S2, constructing a U-shaped tunnel 3 from the side of the main line tunnel 1 to the upper side of the main line tunnel 1;

s3, constructing an anchoring tunnel 44 which is vertical to the main line tunnel 1 above the main line tunnel 1;

s4, constructing the main cable channel 2, and reinforcing the rock mass below the main cable saddle 6;

s5, mounting a main cable saddle 6 and a scattered cable saddle 7;

s6, erecting the main cable 41;

s7, pouring concrete in the anchoring tunnel 44;

s8, mounting a sling;

s9, constructing the girder by adopting a suspension splicing method or a suspension casting method;

s10, mounting the bridge deck structure 43.

In conclusion, the bridge and tunnel structure of the embodiment cancels the main tower of the suspension bridge, utilizes the mountain body for anchoring, and has low construction cost and good landscape effect.
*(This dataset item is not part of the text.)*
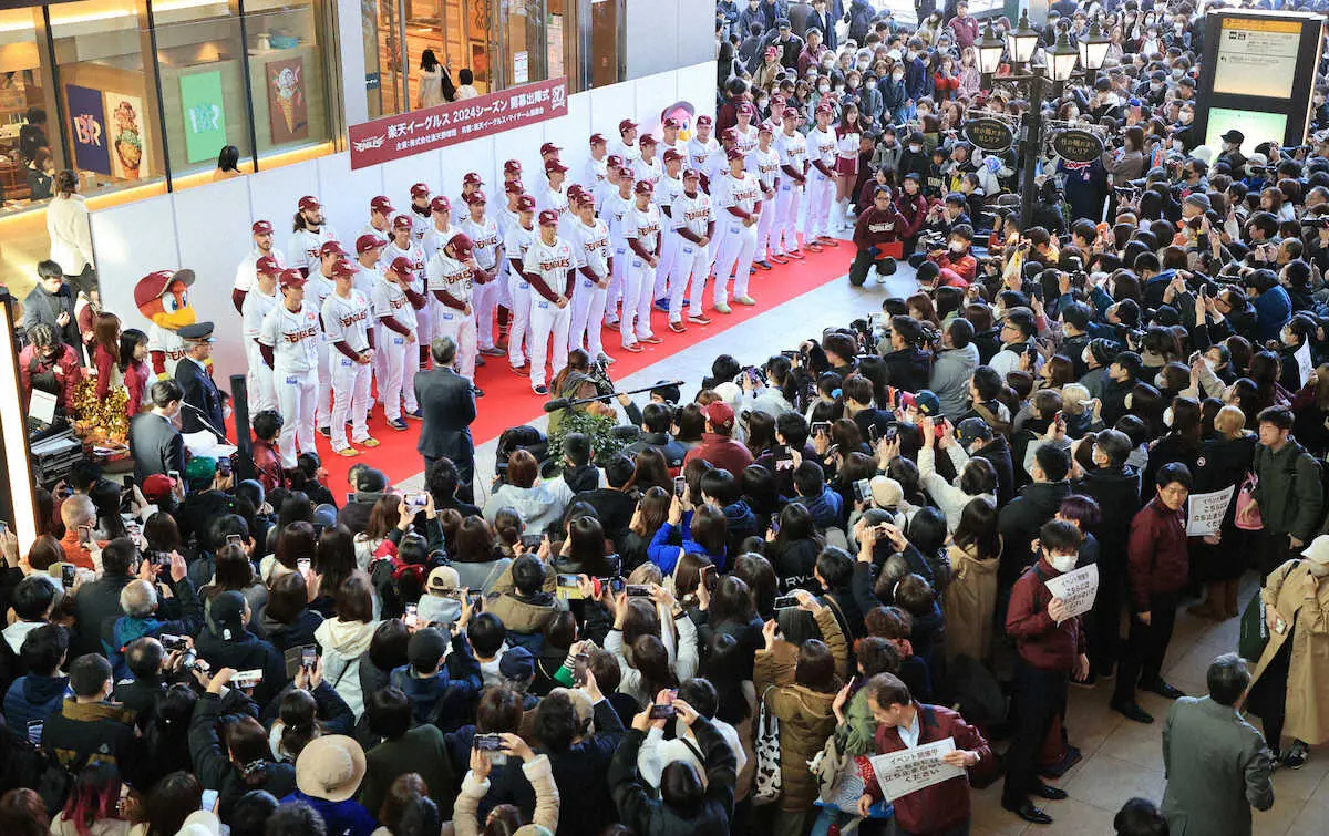 開幕戦は昨季7試合で6敗を喫し、21年から9連敗中の西武・今井を迎え撃つ。「今年は今年で違う流れだったり、風が吹くと思う。開幕戦でなんとか崩したい」。仙台駅での出陣式には約1000人の楽天ファンが集結。「今江さん、頼んだよ!」。温かい声援を背中で受け取った。(花里 雄太)

Meanwhile, the construction method of the bridge-tunnel structure is low in difficulty and high in feasibility of implementation, and the problem that a suspension bridge at the cliff spans across canyons is solved.

The above description is only for the purpose of illustrating the preferred embodiments of the present invention and is not to be construed as limiting the invention, and any modifications, equivalents and improvements made within the spirit and principle of the present invention are intended to be included within the scope of the present invention.